The data →
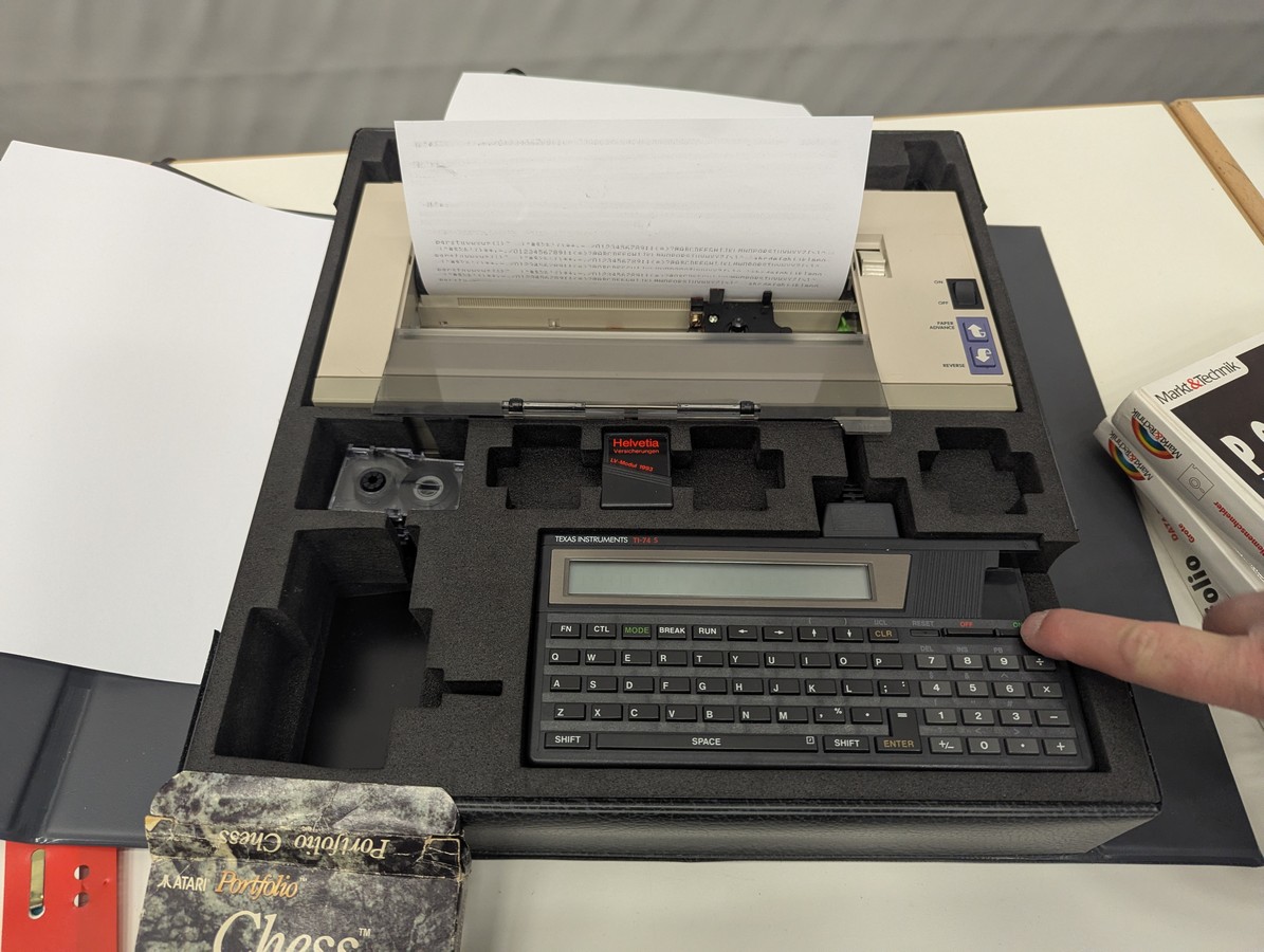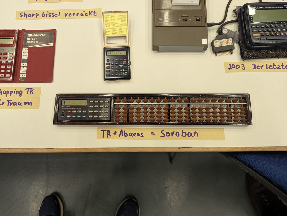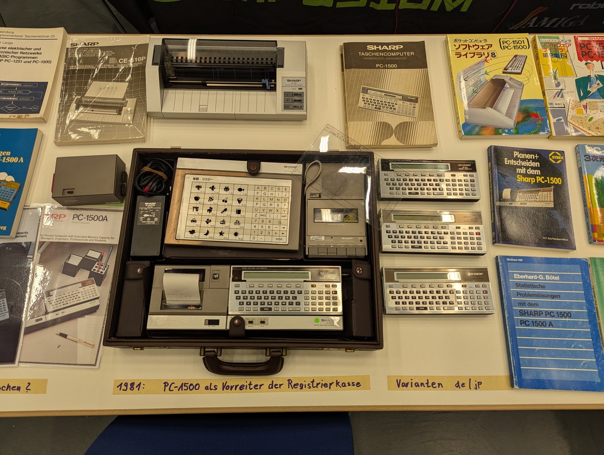 Von denen hatte Peter zwar keine da, aber dafür mehrere PC-1500 und viele PC-14xx Pocket Computer und einen, der einen eingebauten Abakus besaß! Wozu das gut ist muss ich noch heraus finden. Denn obwohl Peter wirklich Begeisterung für seine Geräte versprühte, war er schnell abgelenkt, wenn ihn jemand anderes ansprach. Das ist mir generell auf der Classic Computing aufgefallen, ich hatte öfters den Eindruck, dass, wenn jemand anderes meine Gesprächspartner ansprach, ich plötzlich unsichtbar für sie war. Kann man aber verstehen, denn so richtig viele Besucher waren nicht da und ich denke dass es ja vor allem auch ein Treffen untereinander war.
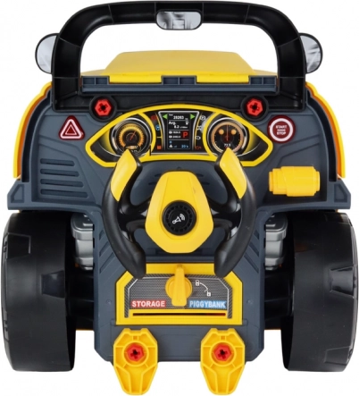 Rumeni delavniški avtobus za male ustvarjalce združuje zabavo in učenje: otroci lahko vozilo razstavljajo in ponovno sestavljajo, raziskujejo odpirajoč se pokrov motorja in kolesa, upravljajo volan s hupo, uživajo v svetlobnih in zvočnih učinkih in zahvaljujoč dvema velikima kolesoma svoj mobilni delavniški set zlahka prevažajo.
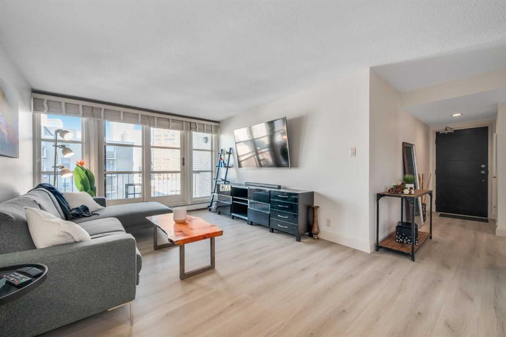 The Ultimate Turn-Key Urban Sanctuary at Centro 733 | 8th Floor Views & All-Inclusive Living. Where sophisticated modern design meets the effortless energy of downtown living in the heart of Calgary’s most vibrant district—the Beltline. This isn’t just a condo; it is a meticulously maintained executive residence that offers an unparalleled lifestyle for the urban professional or a high-yield opportunity for the savvy investor. Positioned on the 8th floor, this bright, north west-facing corner unit is flooded with natural light through expansive windows, framing breathtaking city skyline views that transform into a sparkling backdrop of lights every evening. The thoughtfully designed open-concept layout features two spacious bedrooms and 1.5 bathrooms, maximizing both private comfort and social functionality. The primary suite serves as a quiet retreat, complete with a private 2-piece ensuite for added convenience. The secondary bedroom is perfectly versatile, ready to serve as a guest room, or a dedicated home office for those who work remotely. At the heart of the home lies a stylish gourmet kitchen that will delight any chef, featuring sleek granite countertops, custom cabinetry, a built-in wine rack, and a raised breakfast bar. A newer electric stove complements the high-end stainless steel appliances, while brand-new luxury vinyl plank flooring flows throughout the entire unit, providing a modern, durable, and cohesive aesthetic. Every wall has been freshly painted creating a move-in-ready space that feels brand new from the moment you step through the door. What sets this property apart is the incredible value and simplicity it offers. In an era of rising costs, you can enjoy total peace of mind with a monthly condo fee that is truly all-inclusive. Your heat, water, and electricity are all covered, allowing for predictable monthly budgeting with no hidden surprises—you know exactly what your living costs are every single month. Furthermore, this is a rare "plug-and-play" real estate opportunity. To make this transition even more seamless, the owner can offer the property fully furnished. From the stylish furniture and curated decorations down to the very last kitchen utensil, everything could be included in the sale. For a first-time homebuyer, this means moving in with nothing but a suitcase. For the investor, this unit is primed to launch as a high-end executive rental from day one. Beyond the unit, residents enjoy access to an onsite fitness center, a social room for gatherings, secure storage lockers, and optional private bike storage. The building is pet-friendly. Outside your door, the best of Calgary awaits. You are mere steps from the iconic 17th Avenue, home to the city’s trendiest cafés, award-winning restaurants, boutique shops, and lush urban parks. Whether you are commuting to the downtown core on foot, biking along the extensive pathway system, or enjoying a night out at a local pub, everything you need is within reach. Come on buy!
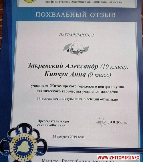 Житомирські старшокласники Анна Кіпчук та Олександр Закревський отримали відзнаку на ХХІІІ Міжнародній конференції-конкурсі робіт дослідницького характеру, яка 22-24 лютого пройшла у столиці Білорусі – місті Мінськ.
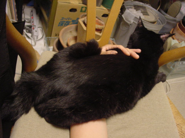 最近、お腹を撫でている態勢のまま私の腕の上にどでーんと
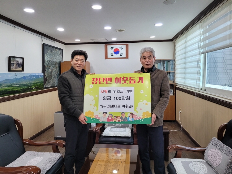 파주시 파평면에 위치한 영구건설은 민족 최대의 명절 설을 앞두고 장단면의 홀몸 어르신들을 위한 후원금을 장단면에 기부했다. 전달된 기부금은 경기사회복지공동모금회로 기탁 처리되어, 이번 달 말까지 배분될 예정이다.
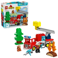 The LEGO DUPLO fire engine model is packed with fun features to spark creative rescue stories. It has a hinged ladder and a transparent LEGO DUPLO brick water tank. Budding firefighters can pretend to attach the hose to the tank to put out the fire. Toddlers also develop fine motor skills, transforming the fire engine so that its trailer becomes articulated, making it easier to drive around corners. Set contains 28 pieces.
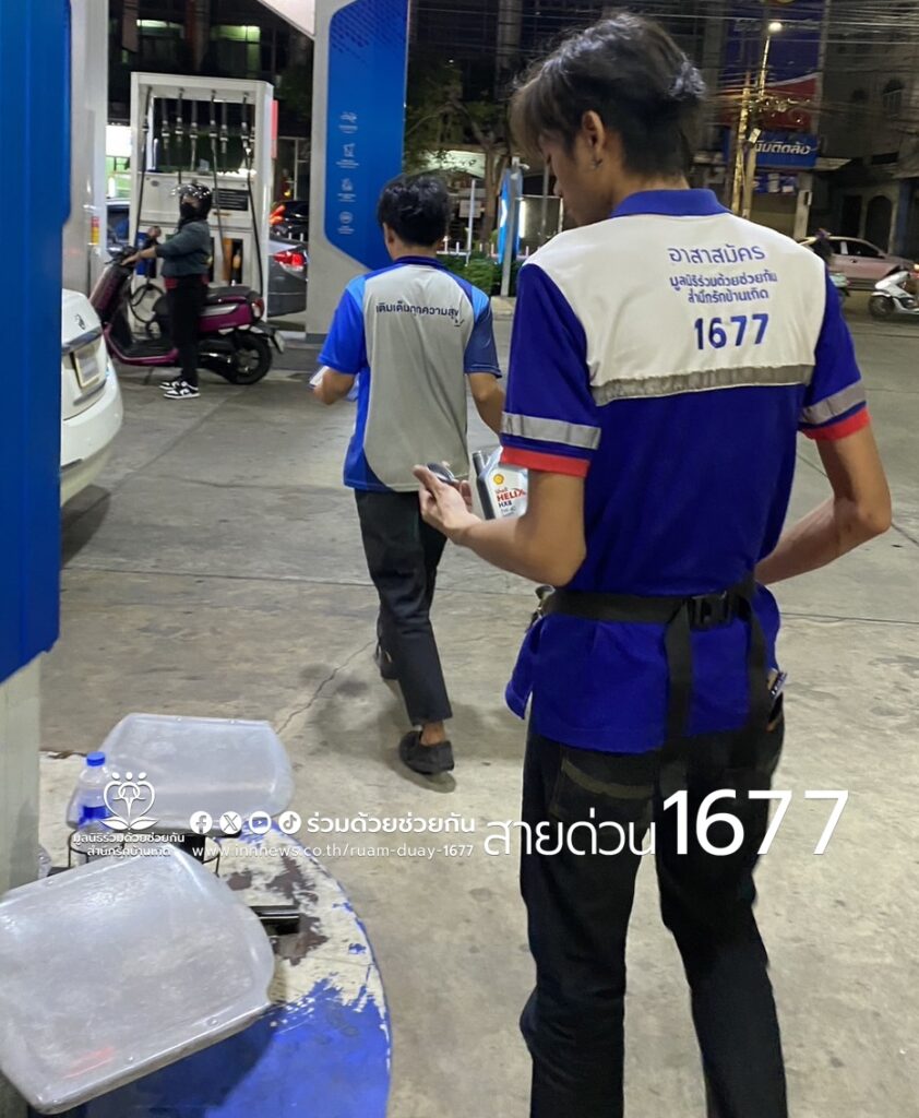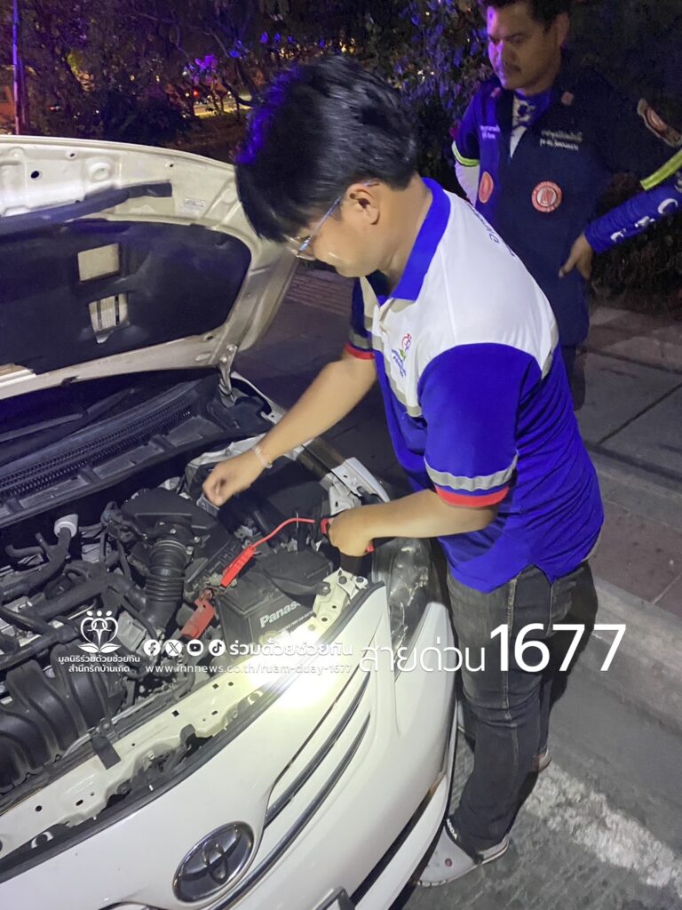 อาสาร่วมด้วยช่วยกัน รับแจ้งจากประชาชนขอความช่วยเหลือรถจอดเสีย น้ำมันหมดและแบตเตอรี่หมด เป็นรถยนต์โตโยต้า อัลติส สีขาว จอดอยู่หน้าไปรษณีย์ไทย ใกล้แยกประชาร่วมมิตร เขตห้วยขวาง กรุงเทพฯ
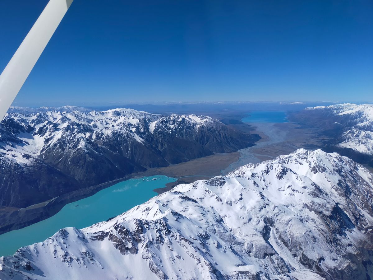 当日は晴天だったこともあり、テカポ湖などやマウントクック界隈の山々を間近に見ることができました。
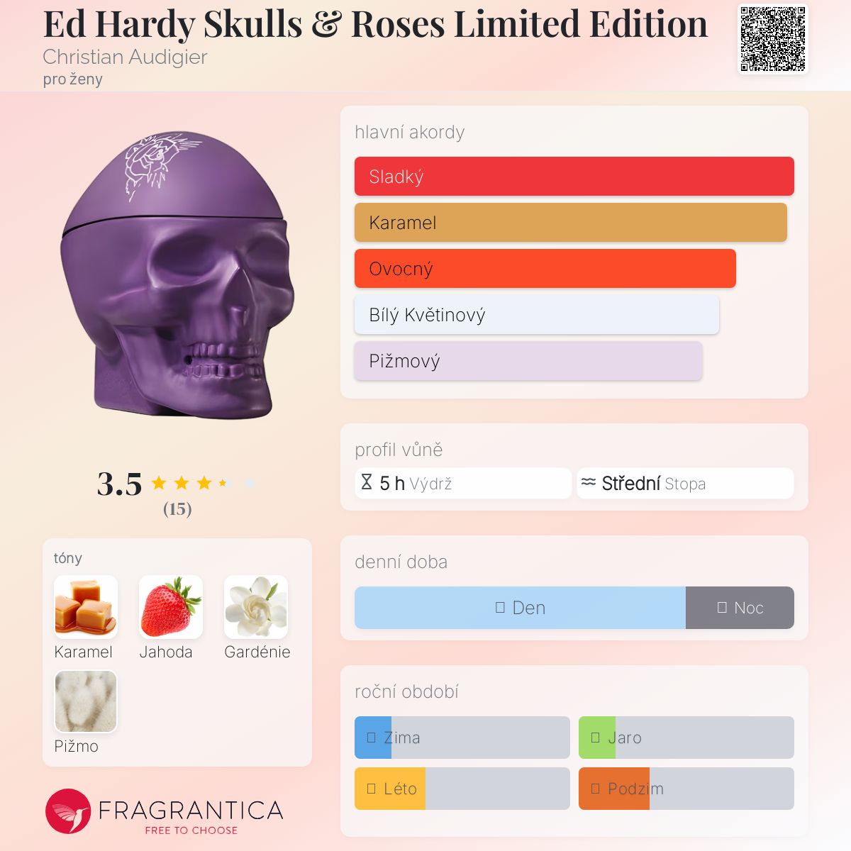 Ed Hardy Skulls & Roses Limited Edition podle Christian Audigier je Floral Fruity Gourmand vůně pro ženy. Ed Hardy Skulls & Roses Limited Edition byl/a uveden/a v roce 2013. Vrchní tón je Velká jahoda ; střední tóny jsouKaramel a Gardénie ; základní tón je Pižmo.
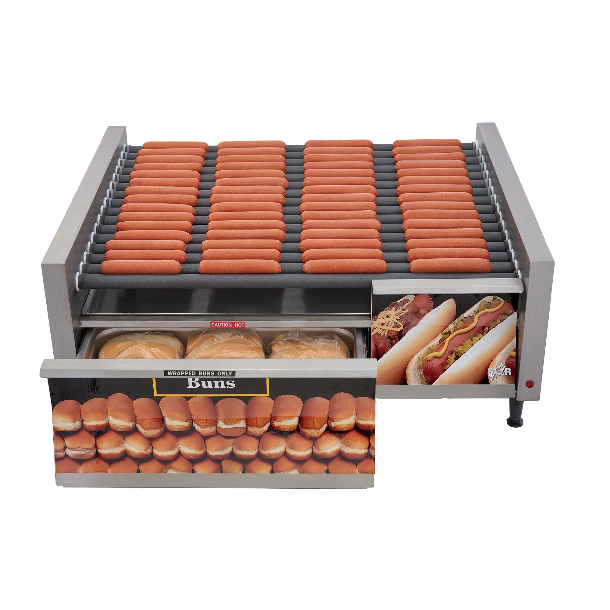 Cook with precision using the Star 75SCBDE Hot Dog Grill. This roller-type grill is perfect for commercial restaurant use, offering a capacity of 75 hot dogs and 48 buns. The integrated bun drawer ensures convenience and efficiency, allowing you to serve up delicious hot dogs with ease. The Duratec coated non-stick rollers guarantee even cooking and easy cleaning, while the programmable electronic controls for front and rear zones provide precise temperature control. Made with stainless steel construction, this hot dog grill is durable and built to last. It is cULus and UL EPH Classified, ensuring its safety and quality. Whether you're running a stadium seating restaurant or a food truck, the Star 75SCBDE Hot Dog Grill is the perfect addition to your kitchen. Trust in its reliability and enjoy serving up mouthwatering hot dogs to your customers.

Work to complete → Give back the full listing exactly as written, only without its pictures.

Exercise result →
 Von denen hatte Peter zwar keine da, aber dafür mehrere PC-1500 und viele PC-14xx Pocket Computer und einen, der einen eingebauten Abakus besaß! Wozu das gut ist muss ich noch heraus finden. Denn obwohl Peter wirklich Begeisterung für seine Geräte versprühte, war er schnell abgelenkt, wenn ihn jemand anderes ansprach. Das ist mir generell auf der Classic Computing aufgefallen, ich hatte öfters den Eindruck, dass, wenn jemand anderes meine Gesprächspartner ansprach, ich plötzlich unsichtbar für sie war. Kann man aber verstehen, denn so richtig viele Besucher waren nicht da und ich denke dass es ja vor allem auch ein Treffen untereinander war.
 Rumeni delavniški avtobus za male ustvarjalce združuje zabavo in učenje: otroci lahko vozilo razstavljajo in ponovno sestavljajo, raziskujejo odpirajoč se pokrov motorja in kolesa, upravljajo volan s hupo, uživajo v svetlobnih in zvočnih učinkih in zahvaljujoč dvema velikima kolesoma svoj mobilni delavniški set zlahka prevažajo.
 The Ultimate Turn-Key Urban Sanctuary at Centro 733 | 8th Floor Views & All-Inclusive Living. Where sophisticated modern design meets the effortless energy of downtown living in the heart of Calgary’s most vibrant district—the Beltline. This isn’t just a condo; it is a meticulously maintained executive residence that offers an unparalleled lifestyle for the urban professional or a high-yield opportunity for the savvy investor. Positioned on the 8th floor, this bright, north west-facing corner unit is flooded with natural light through expansive windows, framing breathtaking city skyline views that transform into a sparkling backdrop of lights every evening. The thoughtfully designed open-concept layout features two spacious bedrooms and 1.5 bathrooms, maximizing both private comfort and social functionality. The primary suite serves as a quiet retreat, complete with a private 2-piece ensuite for added convenience. The secondary bedroom is perfectly versatile, ready to serve as a guest room, or a dedicated home office for those who work remotely. At the heart of the home lies a stylish gourmet kitchen that will delight any chef, featuring sleek granite countertops, custom cabinetry, a built-in wine rack, and a raised breakfast bar. A newer electric stove complements the high-end stainless steel appliances, while brand-new luxury vinyl plank flooring flows throughout the entire unit, providing a modern, durable, and cohesive aesthetic. Every wall has been freshly painted creating a move-in-ready space that feels brand new from the moment you step through the door. What sets this property apart is the incredible value and simplicity it offers. In an era of rising costs, you can enjoy total peace of mind with a monthly condo fee that is truly all-inclusive. Your heat, water, and electricity are all covered, allowing for predictable monthly budgeting with no hidden surprises—you know exactly what your living costs are every single month. Furthermore, this is a rare "plug-and-play" real estate opportunity. To make this transition even more seamless, the owner can offer the property fully furnished. From the stylish furniture and curated decorations down to the very last kitchen utensil, everything could be included in the sale. For a first-time homebuyer, this means moving in with nothing but a suitcase. For the investor, this unit is primed to launch as a high-end executive rental from day one. Beyond the unit, residents enjoy access to an onsite fitness center, a social room for gatherings, secure storage lockers, and optional private bike storage. The building is pet-friendly. Outside your door, the best of Calgary awaits. You are mere steps from the iconic 17th Avenue, home to the city’s trendiest cafés, award-winning restaurants, boutique shops, and lush urban parks. Whether you are commuting to the downtown core on foot, biking along the extensive pathway system, or enjoying a night out at a local pub, everything you need is within reach. Come on buy!
 Житомирські старшокласники Анна Кіпчук та Олександр Закревський отримали відзнаку на ХХІІІ Міжнародній конференції-конкурсі робіт дослідницького характеру, яка 22-24 лютого пройшла у столиці Білорусі – місті Мінськ.
 最近、お腹を撫でている態勢のまま私の腕の上にどでーんと
 파주시 파평면에 위치한 영구건설은 민족 최대의 명절 설을 앞두고 장단면의 홀몸 어르신들을 위한 후원금을 장단면에 기부했다. 전달된 기부금은 경기사회복지공동모금회로 기탁 처리되어, 이번 달 말까지 배분될 예정이다.
 The LEGO DUPLO fire engine model is packed with fun features to spark creative rescue stories. It has a hinged ladder and a transparent LEGO DUPLO brick water tank. Budding firefighters can pretend to attach the hose to the tank to put out the fire. Toddlers also develop fine motor skills, transforming the fire engine so that its trailer becomes articulated, making it easier to drive around corners. Set contains 28 pieces.
 อาสาร่วมด้วยช่วยกัน รับแจ้งจากประชาชนขอความช่วยเหลือรถจอดเสีย น้ำมันหมดและแบตเตอรี่หมด เป็นรถยนต์โตโยต้า อัลติส สีขาว จอดอยู่หน้าไปรษณีย์ไทย ใกล้แยกประชาร่วมมิตร เขตห้วยขวาง กรุงเทพฯ
 当日は晴天だったこともあり、テカポ湖などやマウントクック界隈の山々を間近に見ることができました。
 Ed Hardy Skulls & Roses Limited Edition podle Christian Audigier je Floral Fruity Gourmand vůně pro ženy. Ed Hardy Skulls & Roses Limited Edition byl/a uveden/a v roce 2013. Vrchní tón je Velká jahoda ; střední tóny jsouKaramel a Gardénie ; základní tón je Pižmo.
 Cook with precision using the Star 75SCBDE Hot Dog Grill. This roller-type grill is perfect for commercial restaurant use, offering a capacity of 75 hot dogs and 48 buns. The integrated bun drawer ensures convenience and efficiency, allowing you to serve up delicious hot dogs with ease. The Duratec coated non-stick rollers guarantee even cooking and easy cleaning, while the programmable electronic controls for front and rear zones provide precise temperature control. Made with stainless steel construction, this hot dog grill is durable and built to last. It is cULus and UL EPH Classified, ensuring its safety and quality. Whether you're running a stadium seating restaurant or a food truck, the Star 75SCBDE Hot Dog Grill is the perfect addition to your kitchen. Trust in its reliability and enjoy serving up mouthwatering hot dogs to your customers.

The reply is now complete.